YOUR INSTRUCTIONS:
The lines below must be transcribed exactly as given, with the images removed.

[Collection entries]
== Segment start ==
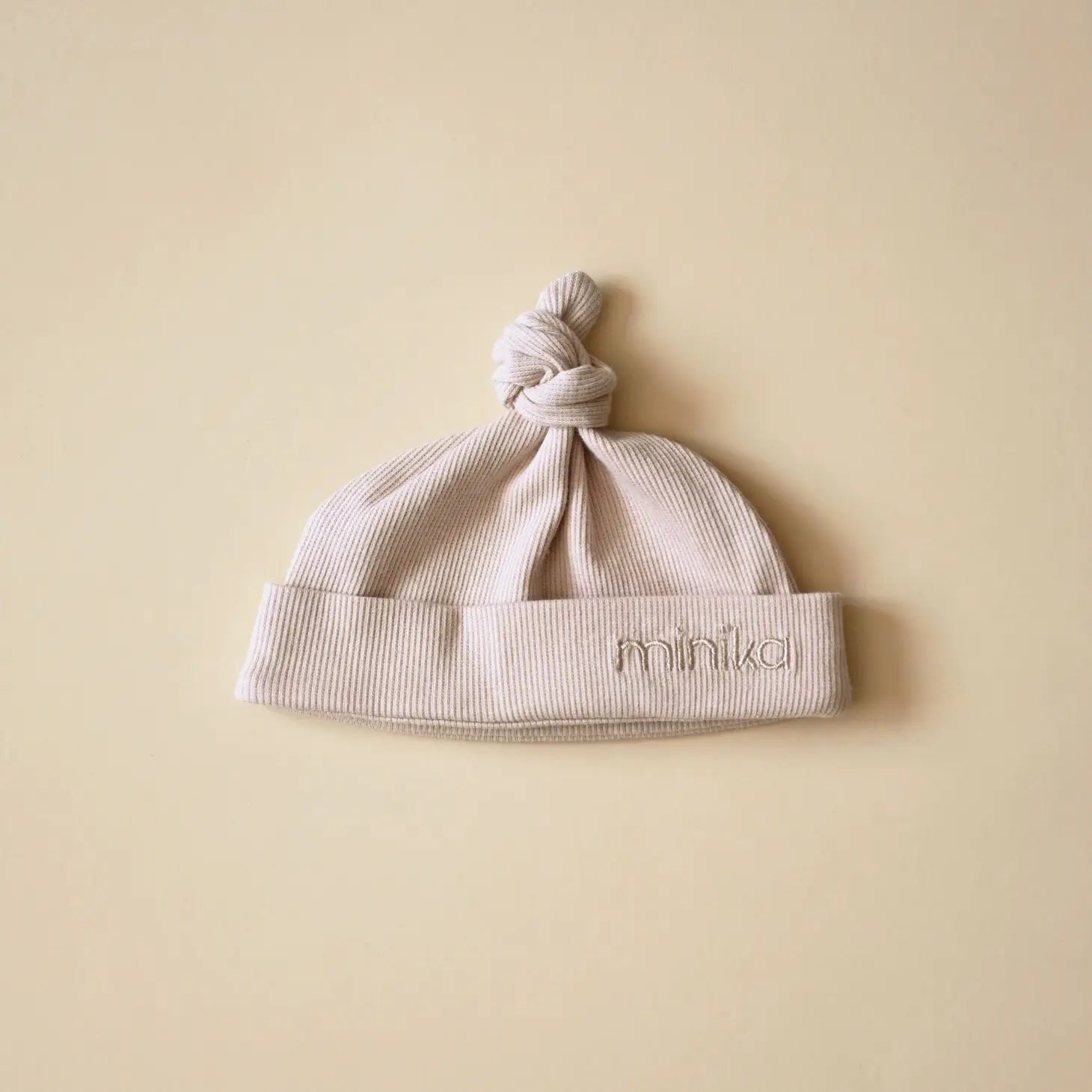 Bonnet côtelé pour bébé. 0-3 mois. 19 cm de longueur, 17 cm de largeur. 95 % coton biologique, 5 % élasthanne.
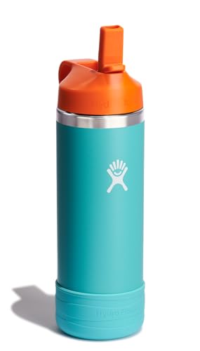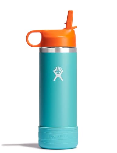 Hydro Flask Kids Water Bottle for School – Stainless Steel and Insulated with Straw Cap – 18 Oz in Seaspray Blue
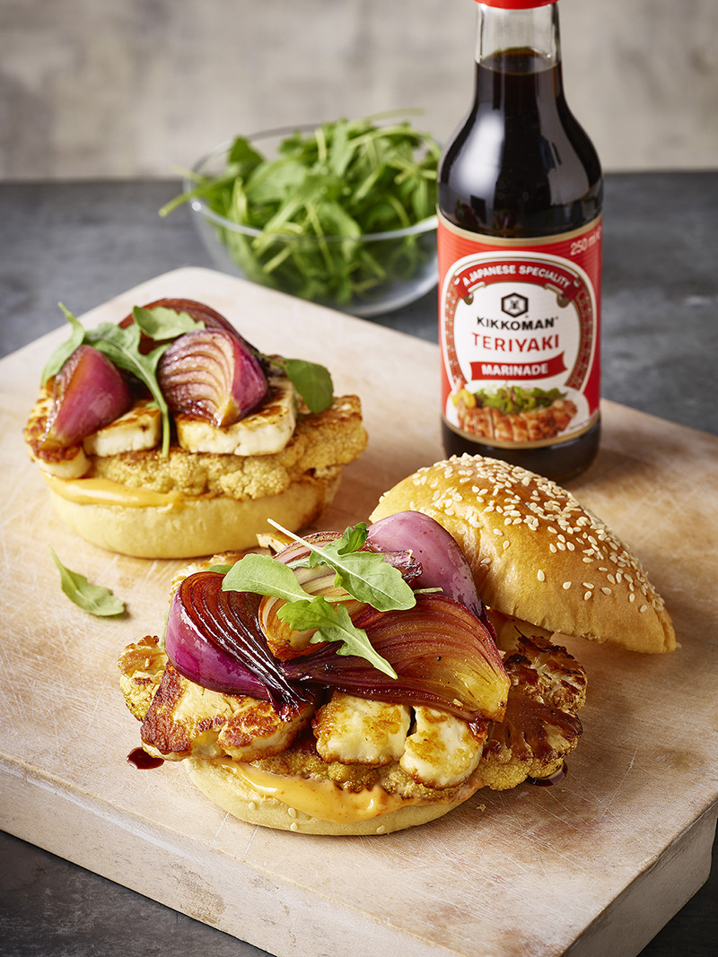 ⑥• Mélanger la mayonnaise avec la sauce Sriracha et le jus de citron vert. Couper en deux les petits pains et répartir un peu du mélange à base de mayonnaise sur les moitiés inférieures. Garnir d’un pavé de chou-fleur, de 2 tranches d’halloumi, d’un peu d’oignons et de roquette et disposer par-dessus la moitié supérieure du petit pain.
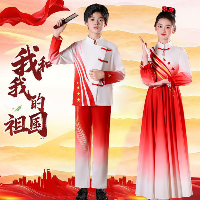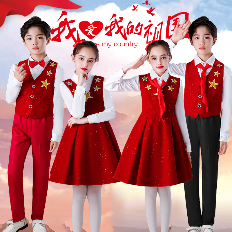 儿童演出服小学生合唱团服装演讲红领巾男女童表演服爱国诗歌朗诵
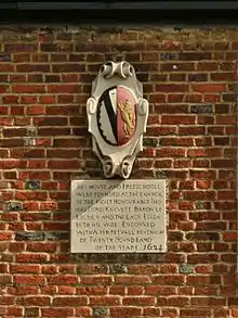 After foiling the plot Knyvet was given charge of the education of the short-lived Princess Mary. His tomb epitaph mentions his wife's role in the household of Mary and her sister Sophia, and Knyvet's other offices.[11] By royal grant of a peerage he entered the House of Lords as Baron Knyvet of Escrick, Yorkshire in 1607. He was appointed a Privy Councillor, member of the council to Queen Anne, and Warden of the Mint. In 1613, the manor of Staines was granted him outright.[12]
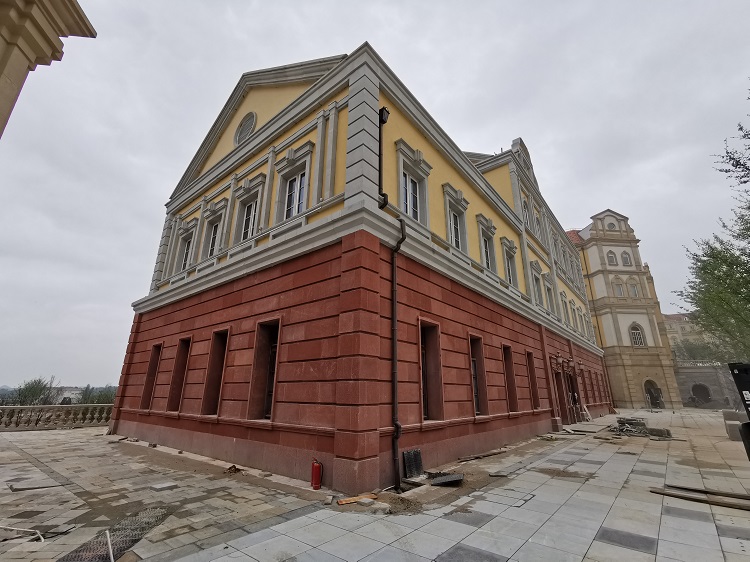 米黃砂巖平板3cm厚約15000平方米,5-25cm厚異形線條約12000米,圓柱、方柱、花瓶柱約:1000根?
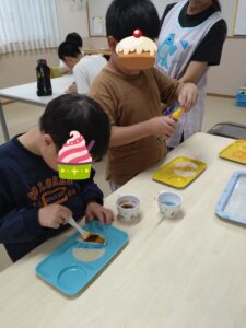 シロップやチョコなどあま~いソースをせんべいいっぱいに塗る人もいれば、遠慮がちに
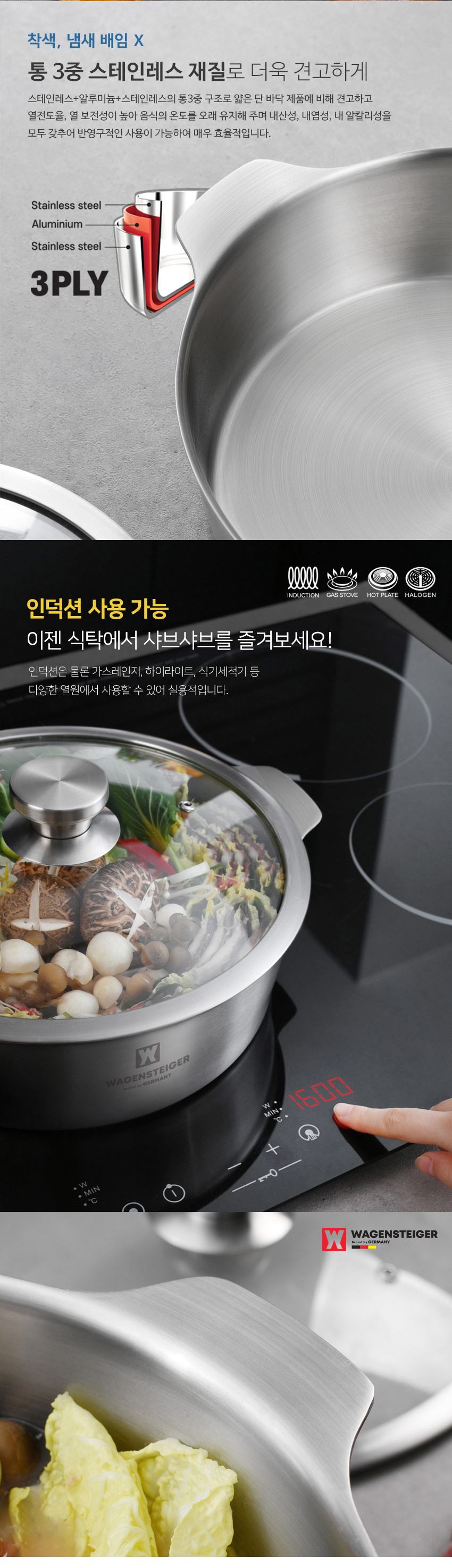 바겐슈타이거 통3중 나베 파보일 스텐 냄비 26cm
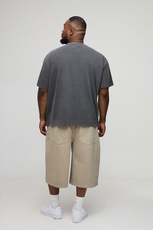 Plus Oversized Man Daisy Ski Mask Print Washed T-Shirt
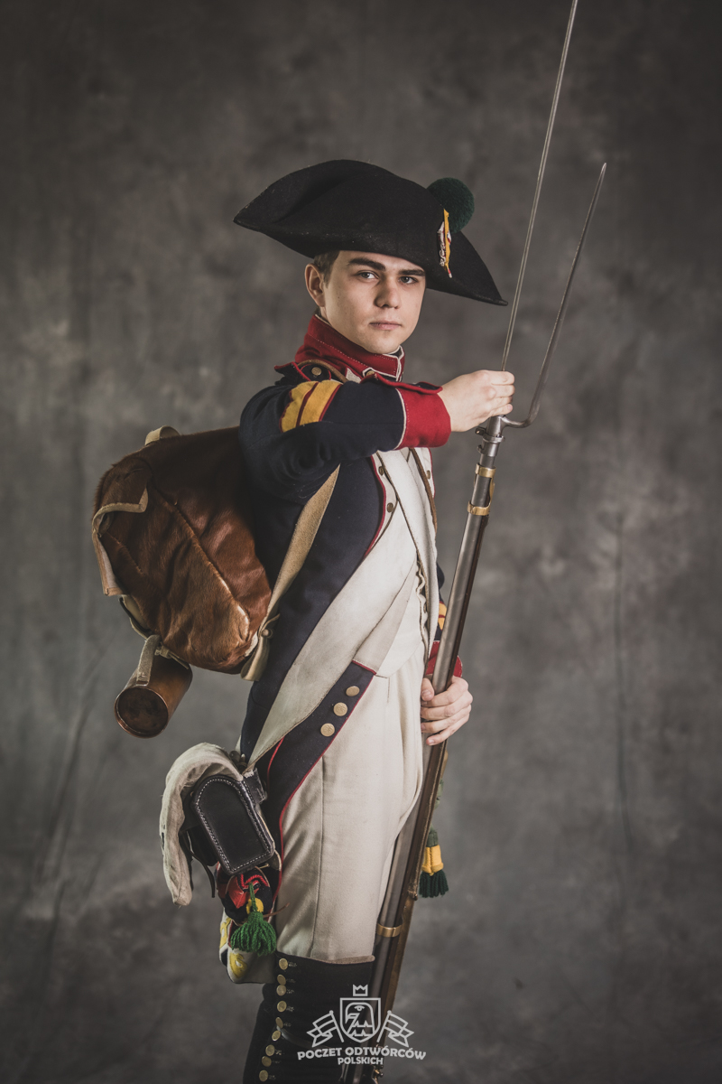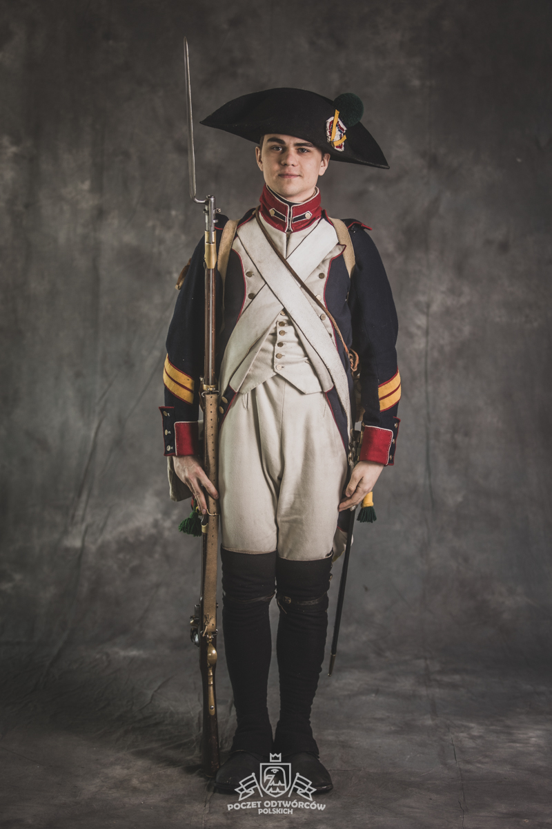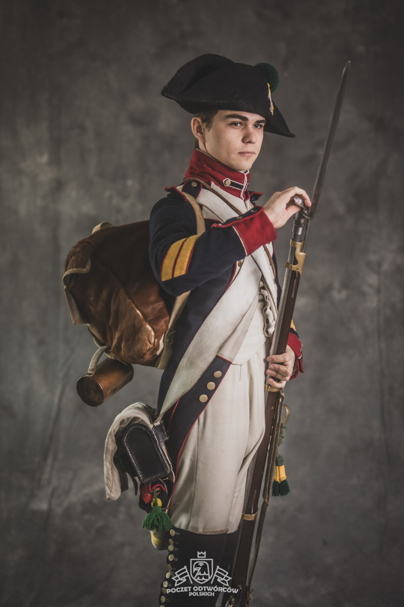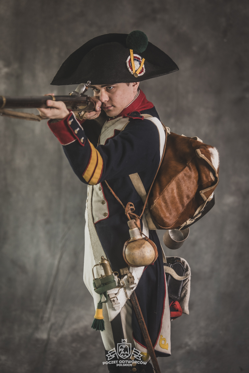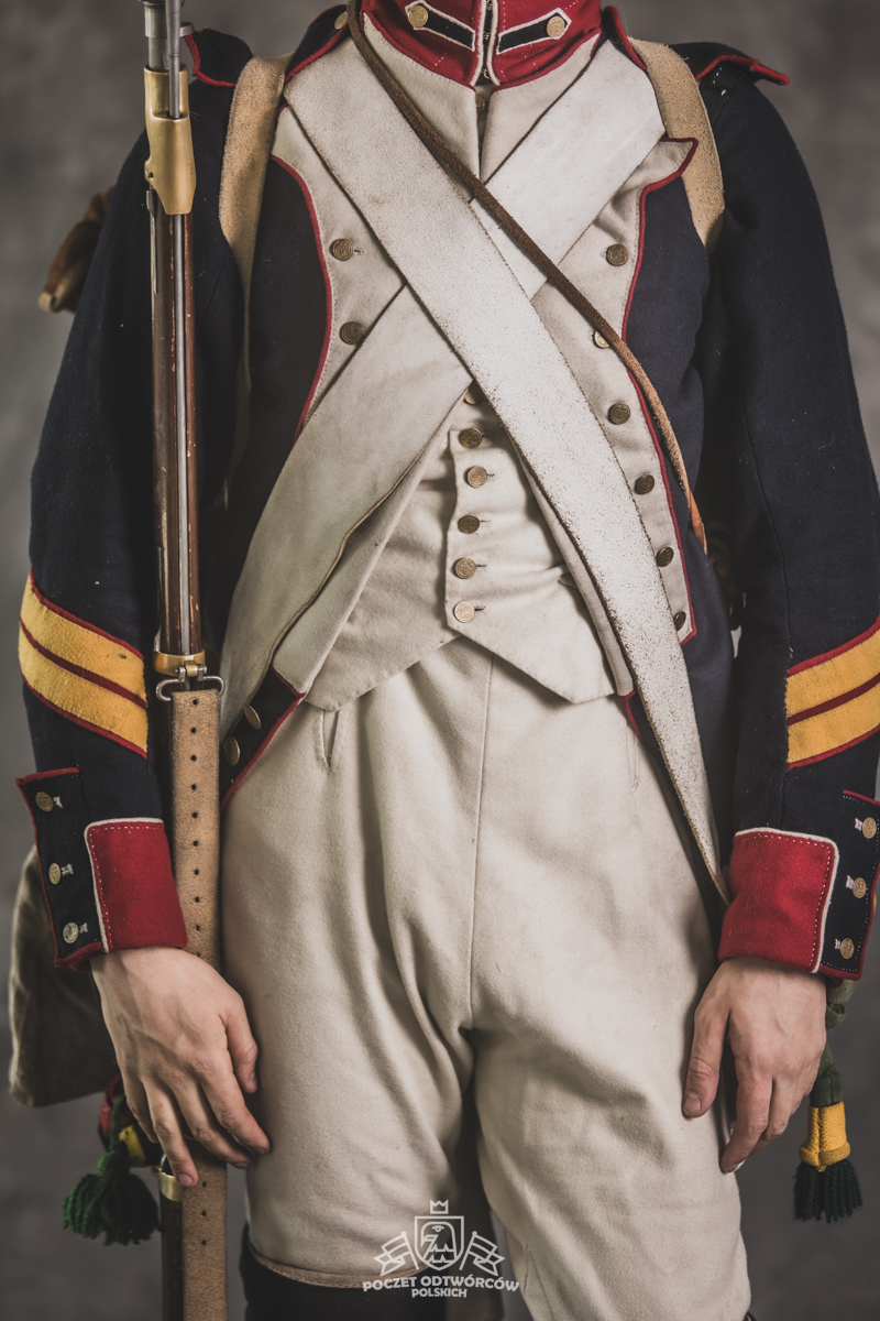 Chapeau Bicorn- dwurożny kapelusz filcowy z dużym guzikiem z numerem pułku, kokardą rewolucyjną, zielonym pomponem i żółtą taśmą w splocie cul de de. Col noir – halsztuk czarny zapinany pod szyją mosiężną klamrą. Chemise – koszula lniana. Veste- lejbik sukienny ”wczesny” fizylierski wg wzoru z 1787, zapinany na mosiężne guziki z wybitym numerem pułku. Habit – frak, z patkami fizylierskimi, z pąsowymi mankietami i jeszcze pąsowym kołnierzem. Na obu rękawach widoczne belki sugerujące stopień kaprala, wszyte w rękaw. Culottes – krótkie spodnie z białego sukna zachodzące za kolano. Guêtres noires – wysokie kamasze z czarnego sukna, z lnianą podszewką, zapinane na 24 gładkie guziki mosiężne. Chaussures – buty podkute. Baïonnette de Fusil 1777 corrigé en l’an IX : Bagnet do karabinu mle 1777, modyfikacji roku IX. (wg kalendarza rewolucyjnego) Giberne mle 1801 – ładownica z paskami do troczenia bonnet de police, czyli furażerki. Na klapę ładownicy, patelette, nałożone jest couvre de giberne, czyli lniany pokrowiec z naniesionym emblematem trąbki: Znaku rozpoznawczego kompanii woltyżerskich. Dodatkowo widoczny numer pułku. W ładownicy znajdować powinno się 35 cartouches – pocisków. W ładownicy olejarka i szmatka do czyszczenia panewki. Na klatce piersiowej widoczne skrzyżowane dwa pasy wołowe wyprawione tłuszczowo, farbowane na biało. Pierwszy z nich to tzw. baudrier, na którym zawieszony jest bagnet i półszabla piechoty (sabre briquet) z temblakiem (dragonne) w kolorach kompanii woltyżerskich. Drugi z nich to pas nośny od ładownicy (banderolle) Fusil 1777 corrigé en l’an IX – karabin gładkolufowy, wyprodukowany w manufakturze w Charleville, kaliber 17,5 mm, esowaty kurek o ruchomych szczękach, w których mieściła się skałka. Ołowiana kula do tej broni miała średnicę16,5 mm. Cartouche z kulą ważył ok. 27 gram. Havresac mle 1801– Tornister z krowiej skóry
== Segment end ==
EXERCISE RESPONSE:
 Bonnet côtelé pour bébé. 0-3 mois. 19 cm de longueur, 17 cm de largeur. 95 % coton biologique, 5 % élasthanne.
 Hydro Flask Kids Water Bottle for School – Stainless Steel and Insulated with Straw Cap – 18 Oz in Seaspray Blue
 ⑥• Mélanger la mayonnaise avec la sauce Sriracha et le jus de citron vert. Couper en deux les petits pains et répartir un peu du mélange à base de mayonnaise sur les moitiés inférieures. Garnir d’un pavé de chou-fleur, de 2 tranches d’halloumi, d’un peu d’oignons et de roquette et disposer par-dessus la moitié supérieure du petit pain.
 儿童演出服小学生合唱团服装演讲红领巾男女童表演服爱国诗歌朗诵
 After foiling the plot Knyvet was given charge of the education of the short-lived Princess Mary. His tomb epitaph mentions his wife's role in the household of Mary and her sister Sophia, and Knyvet's other offices.[11] By royal grant of a peerage he entered the House of Lords as Baron Knyvet of Escrick, Yorkshire in 1607. He was appointed a Privy Councillor, member of the council to Queen Anne, and Warden of the Mint. In 1613, the manor of Staines was granted him outright.[12]
 米黃砂巖平板3cm厚約15000平方米,5-25cm厚異形線條約12000米,圓柱、方柱、花瓶柱約:1000根?
 シロップやチョコなどあま~いソースをせんべいいっぱいに塗る人もいれば、遠慮がちに
 바겐슈타이거 통3중 나베 파보일 스텐 냄비 26cm
 Plus Oversized Man Daisy Ski Mask Print Washed T-Shirt
 Chapeau Bicorn- dwurożny kapelusz filcowy z dużym guzikiem z numerem pułku, kokardą rewolucyjną, zielonym pomponem i żółtą taśmą w splocie cul de de. Col noir – halsztuk czarny zapinany pod szyją mosiężną klamrą. Chemise – koszula lniana. Veste- lejbik sukienny ”wczesny” fizylierski wg wzoru z 1787, zapinany na mosiężne guziki z wybitym numerem pułku. Habit – frak, z patkami fizylierskimi, z pąsowymi mankietami i jeszcze pąsowym kołnierzem. Na obu rękawach widoczne belki sugerujące stopień kaprala, wszyte w rękaw. Culottes – krótkie spodnie z białego sukna zachodzące za kolano. Guêtres noires – wysokie kamasze z czarnego sukna, z lnianą podszewką, zapinane na 24 gładkie guziki mosiężne. Chaussures – buty podkute. Baïonnette de Fusil 1777 corrigé en l’an IX : Bagnet do karabinu mle 1777, modyfikacji roku IX. (wg kalendarza rewolucyjnego) Giberne mle 1801 – ładownica z paskami do troczenia bonnet de police, czyli furażerki. Na klapę ładownicy, patelette, nałożone jest couvre de giberne, czyli lniany pokrowiec z naniesionym emblematem trąbki: Znaku rozpoznawczego kompanii woltyżerskich. Dodatkowo widoczny numer pułku. W ładownicy znajdować powinno się 35 cartouches – pocisków. W ładownicy olejarka i szmatka do czyszczenia panewki. Na klatce piersiowej widoczne skrzyżowane dwa pasy wołowe wyprawione tłuszczowo, farbowane na biało. Pierwszy z nich to tzw. baudrier, na którym zawieszony jest bagnet i półszabla piechoty (sabre briquet) z temblakiem (dragonne) w kolorach kompanii woltyżerskich. Drugi z nich to pas nośny od ładownicy (banderolle) Fusil 1777 corrigé en l’an IX – karabin gładkolufowy, wyprodukowany w manufakturze w Charleville, kaliber 17,5 mm, esowaty kurek o ruchomych szczękach, w których mieściła się skałka. Ołowiana kula do tej broni miała średnicę16,5 mm. Cartouche z kulą ważył ok. 27 gram. Havresac mle 1801– Tornister z krowiej skóry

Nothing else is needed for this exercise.